Reader, you know me. After several years and many, many blog posts, you are well aware that yours truly, your friendly neighbourhood porcupette, is an opinionated gal. And if there’s one topic sure to get the debate going every year around this time, it’s the topic of book covers.
The thing about book covers is that everybody has ideas about them. Most people wouldn’t advise a brain surgeon on his or her job, but almost everyone’s eager to give their amateur opinion on a book cover. I’ve fallen into the trap myself, repeatedly and without shame. I’ll be the first to admit that I’m no designer, but that hasn’t stopped me from putting my two cents in when it comes time to find some fitting cover art. Of course, I don’t always (or even usually) win—and for good reason, too. Sometimes I’ll fall in love with an image that doesn’t fit the necessary dimensions of resolutions needed for a PQL book. And I have been known, from time to time, to have a “brilliant” idea that goes against all tenets of good graphic design. I know my limitations, is what I’m saying. But I do still have a few Serious Opinions on what a good book cover should—and should not do.
For me, a good book cover should have, at bare minimum, legible text. I have nothing against decorative fonts per se, but I find that I prefer a classic, readable font that doesn’t make me have to do mental gymnastics to decipher the title. Plus, size matters, too. The text needn’t be visible from across a crowded room, but it should be big enough for people browsing online shopping sites on their phones to be able to at least decipher the title. A particular favourite of mine, for example, is the cover for Barbara Sibbald’s The Museum of Possibilities—the text is large enough to get the point across and elegant enough to stand the test of time without looking tacky.
I also think the most effective and evocative covers eschew the low-hanging fruit of on-the-nose imagery for something a little more creative. For example, may I direct your attention to Jason Guriel’s The Pigheaded Soul? I have to admit, to my everlasting shame, that early in my employment at PQL, I once proposed to Tim that he design a cover for the book that depicted a blisteringly pink cartoon pig head. This was obviously utter nonsense, and the cover that Tim designed—a much more elegant affair that made use of the texture of pig iron as a backdrop—actually suited a collection of essays, and it did a fantastic job of proving that a less obvious image often results in a much better book cover. (It remains one of my favourite PQL covers to this day and does double duty as a reminder of my own limitations.)

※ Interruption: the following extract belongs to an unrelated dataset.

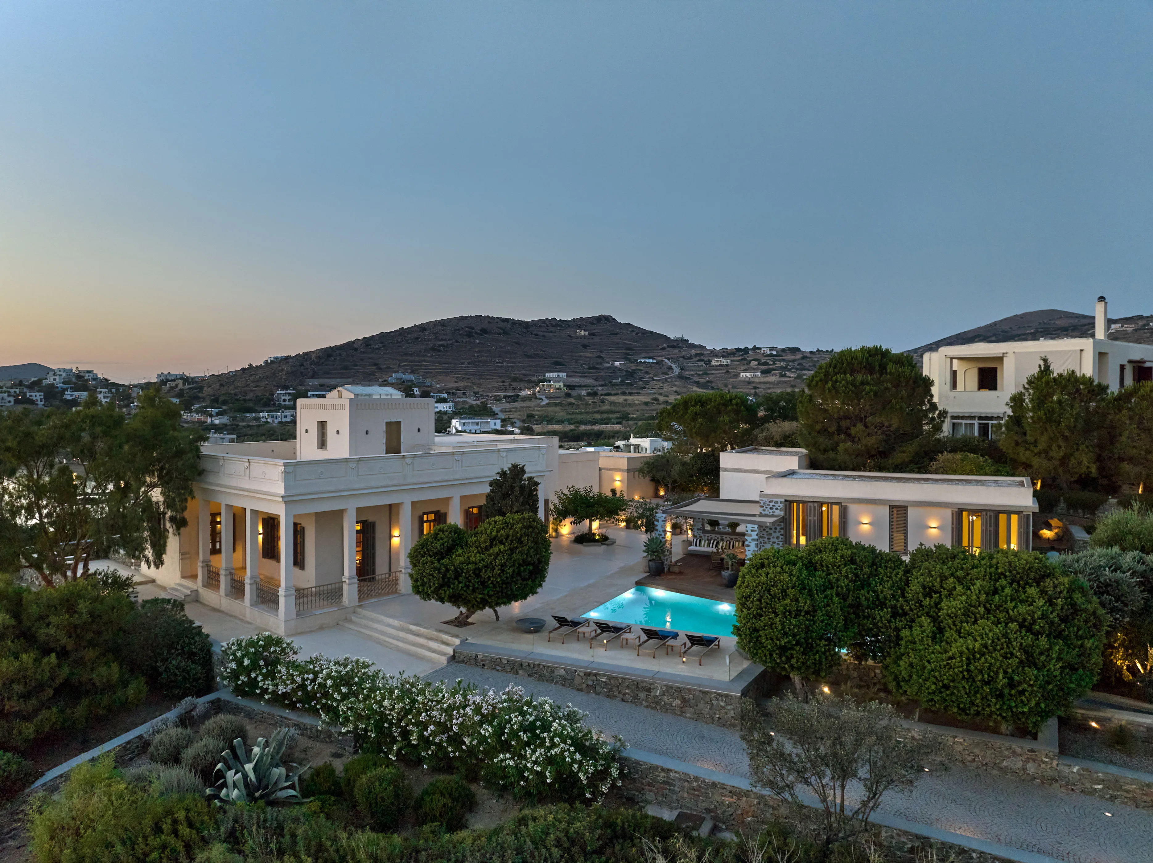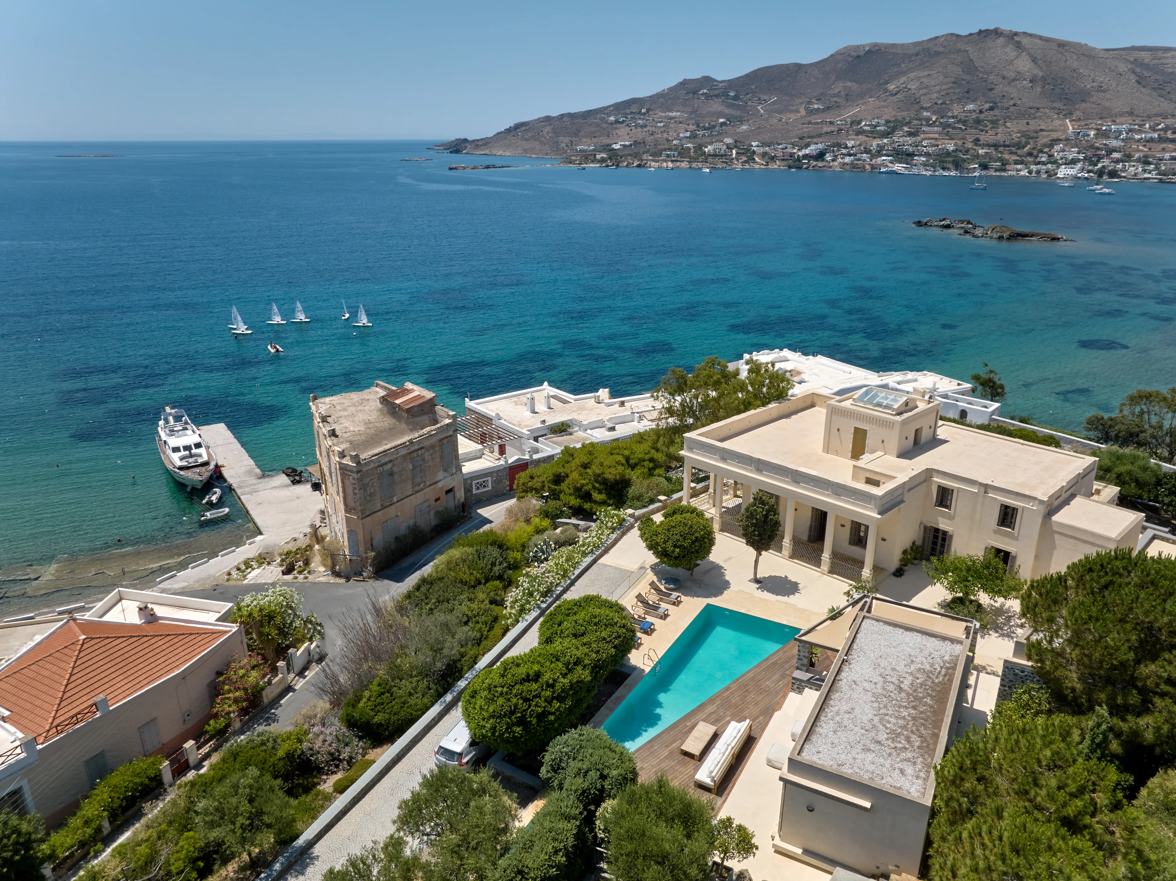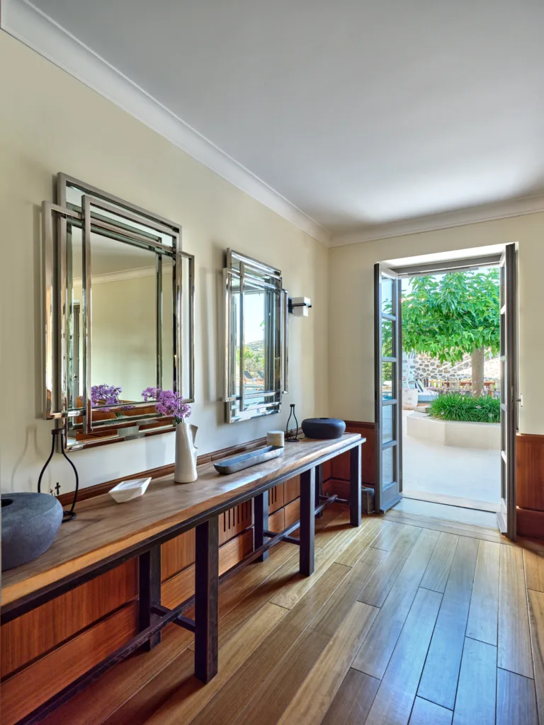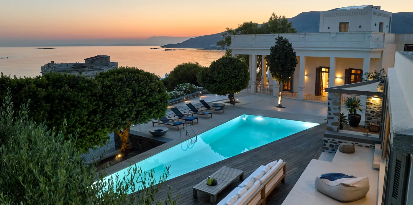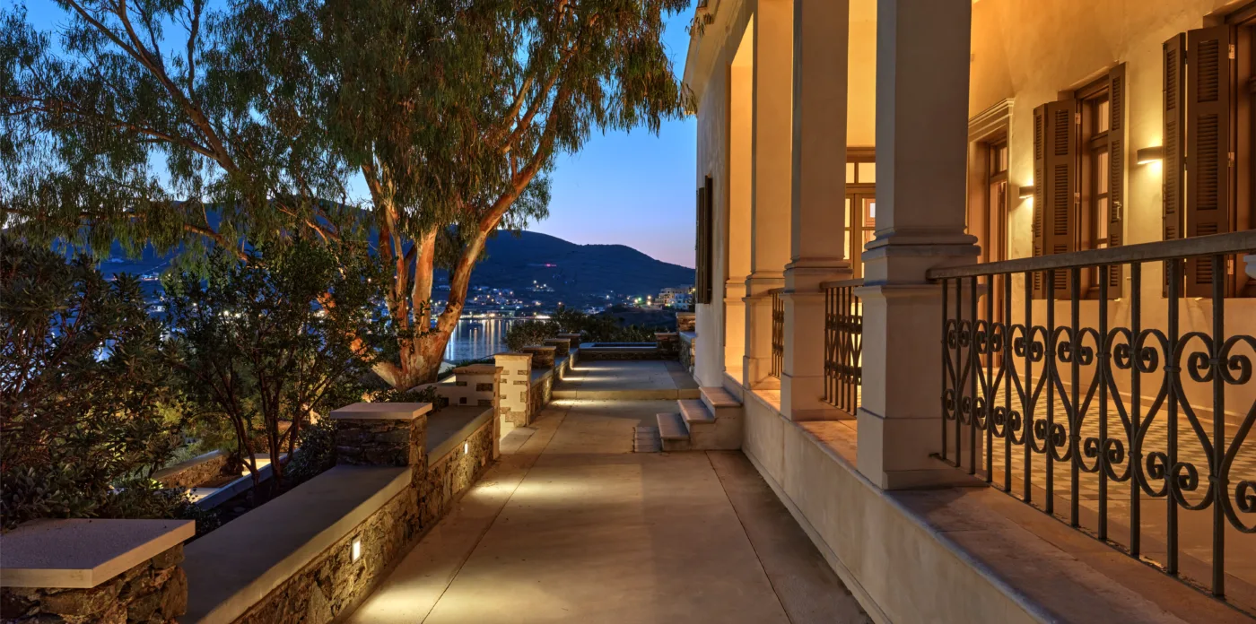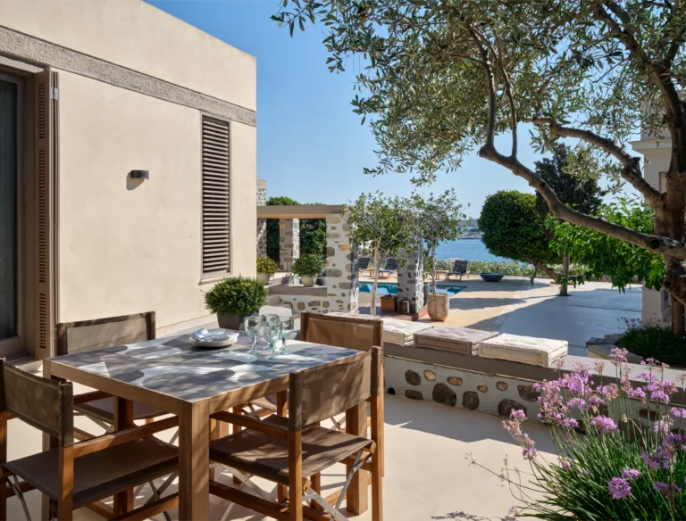 In one of the most prestigious locations on the island, Poseidonia, Eloise will enchant you at first sight. The stunning mansion has been carefully renovated by its owners to combine minimalism, art deco details and neoclassical features in both its indoor and outdoor areas.

I also appreciate an attempt at fitting a book cover image to the setting of the book. Making sure the cover doesn’t feel anachronistic to the content is, I believe, worth the effort, and the reason for this is simple—you don’t want to mislead your potential reader. For example, when coming up with ideas for the cover of Anne Baldo’s upcoming short story collection Morse Code for Romantics, one image we thought of was of Signal Hill, a radio tower in Newfoundland famous in the history of wireless communications. The image was attractive and had enough sky to accommodate title and author text, but it was sepia in tone and it featured a rather antique looking car parked in the foreground. It looked like a book of historical fiction. After many, many attempts at finding the right image, we eventually settled on overhead lines in a Southern Ontario field. The image looked more modern, fit the setting of the stories, and also hinted at the book’s important themes of pattern, connection and communication. (And the little bits of Morse code hidden in the title was a particularly inspired yet subtle touch.)
These are just a few of the myriad considerations that I find pertinent to an enjoyable book cover, but there are certainly many more I haven’t had space to include—and likely many more after that I’ve never even thought of. Suffice it to say that it’s a good thing skilled designers are out there dressing books in covers that are clever, original, beautiful and legible, all for our viewing pleasure.
What are your opinions on what makes a good book cover? Feel free to share your thoughts in the comments section—don’t be shy!
Porcupette. You just kill me!
In a good way, I hope! 🙂
Steph, thanks for your thoughtful consideration of cover design. These are elegant cover designs and you’ve articulated their strengths. Kudos the PQ team.
Pingback: The Porcupine’s Quill
Excellent article. I see you noted Barb Sibbald’s book, The Museum of Possibilities, a book (and cover) that I loved. Thanks.